Your objective:
Would you repeat word for word the lines of the listing that follows, from the one with "Открытка стилизована под" up to and including the one with "Signed book: View", and leave out the images?

Records provided:
◆ ◆ ◆ ◆ ◆ ◆ ◆

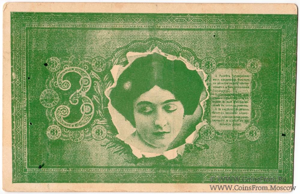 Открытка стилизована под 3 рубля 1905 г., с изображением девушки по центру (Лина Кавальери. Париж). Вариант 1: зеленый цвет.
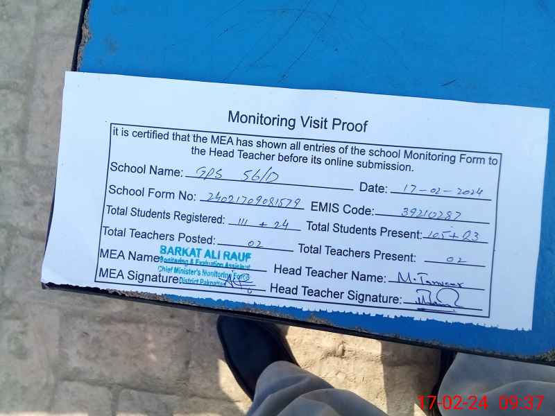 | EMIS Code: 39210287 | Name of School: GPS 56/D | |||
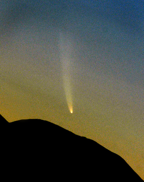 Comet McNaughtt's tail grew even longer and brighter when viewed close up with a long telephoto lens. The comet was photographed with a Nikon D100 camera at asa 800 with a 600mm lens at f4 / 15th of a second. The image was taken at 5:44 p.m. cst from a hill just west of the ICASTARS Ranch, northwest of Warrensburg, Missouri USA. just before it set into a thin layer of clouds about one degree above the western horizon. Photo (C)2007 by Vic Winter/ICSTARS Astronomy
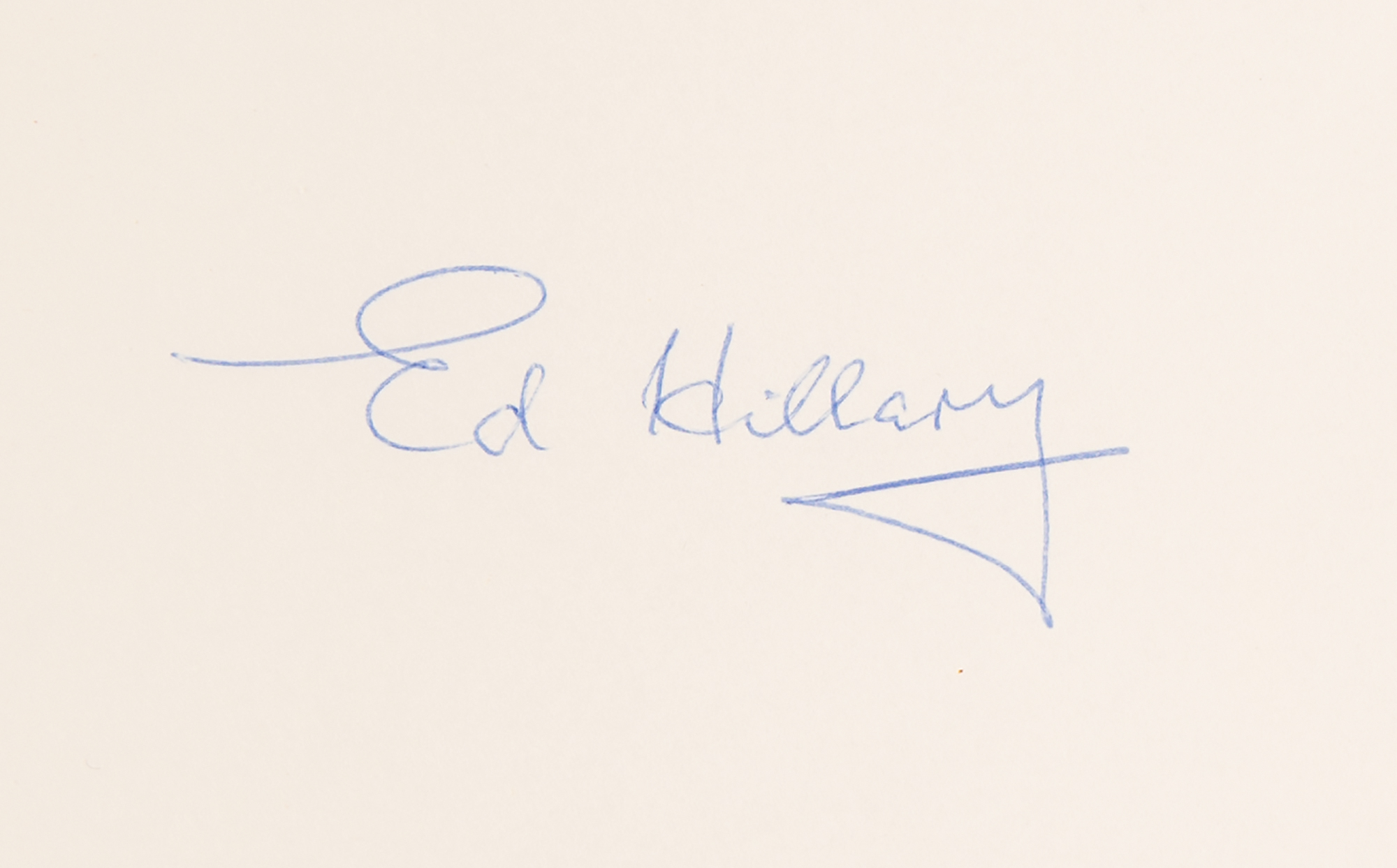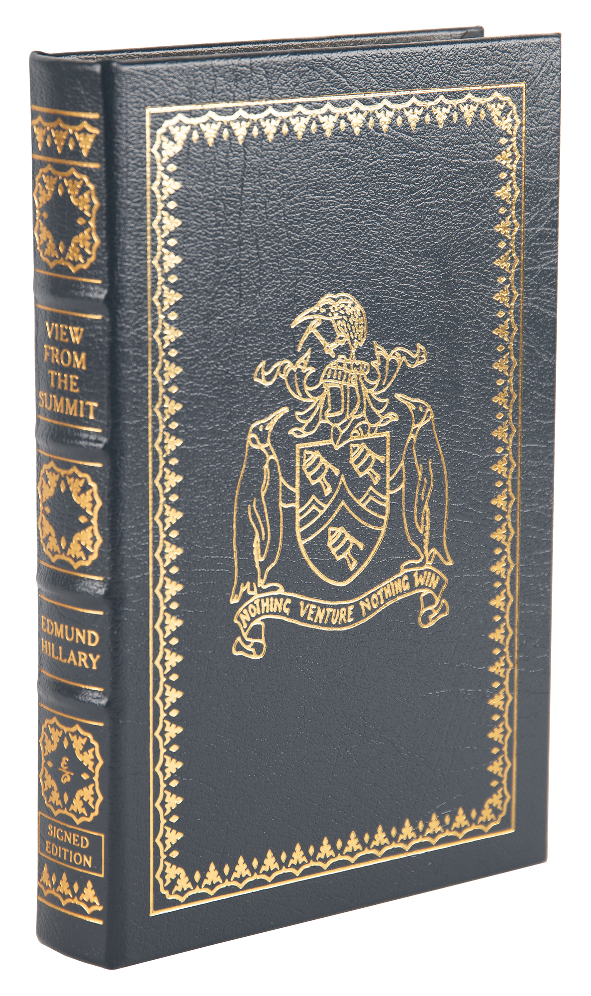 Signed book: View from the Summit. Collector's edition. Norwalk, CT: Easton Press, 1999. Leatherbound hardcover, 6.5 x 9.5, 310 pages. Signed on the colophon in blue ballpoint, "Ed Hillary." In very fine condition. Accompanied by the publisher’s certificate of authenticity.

◆ ◆ ◆ ◆ ◆ ◆ ◆

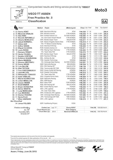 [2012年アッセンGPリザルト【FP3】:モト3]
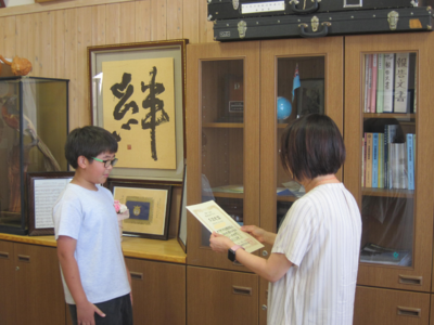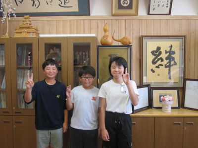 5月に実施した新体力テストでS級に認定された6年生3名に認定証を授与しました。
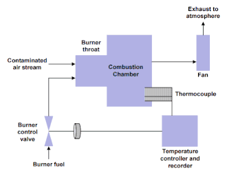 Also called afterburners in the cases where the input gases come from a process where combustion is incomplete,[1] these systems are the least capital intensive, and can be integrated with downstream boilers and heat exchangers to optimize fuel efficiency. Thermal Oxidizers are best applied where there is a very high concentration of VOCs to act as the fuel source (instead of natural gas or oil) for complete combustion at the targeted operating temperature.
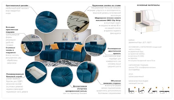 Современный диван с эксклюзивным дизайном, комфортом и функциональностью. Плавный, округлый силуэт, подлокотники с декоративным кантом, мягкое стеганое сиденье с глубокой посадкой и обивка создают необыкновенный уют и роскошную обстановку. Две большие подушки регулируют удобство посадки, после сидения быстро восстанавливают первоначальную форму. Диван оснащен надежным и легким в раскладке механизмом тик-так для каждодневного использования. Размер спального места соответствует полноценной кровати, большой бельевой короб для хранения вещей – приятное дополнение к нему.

◆ ◆ ◆ ◆ ◆ ◆ ◆

Answer to this exercise:
 Открытка стилизована под 3 рубля 1905 г., с изображением девушки по центру (Лина Кавальери. Париж). Вариант 1: зеленый цвет.
 | EMIS Code: 39210287 | Name of School: GPS 56/D | |||
 Comet McNaughtt's tail grew even longer and brighter when viewed close up with a long telephoto lens. The comet was photographed with a Nikon D100 camera at asa 800 with a 600mm lens at f4 / 15th of a second. The image was taken at 5:44 p.m. cst from a hill just west of the ICASTARS Ranch, northwest of Warrensburg, Missouri USA. just before it set into a thin layer of clouds about one degree above the western horizon. Photo (C)2007 by Vic Winter/ICSTARS Astronomy
 Signed book: View from the Summit. Collector's edition. Norwalk, CT: Easton Press, 1999. Leatherbound hardcover, 6.5 x 9.5, 310 pages. Signed on the colophon in blue ballpoint, "Ed Hillary." In very fine condition. Accompanied by the publisher’s certificate of authenticity.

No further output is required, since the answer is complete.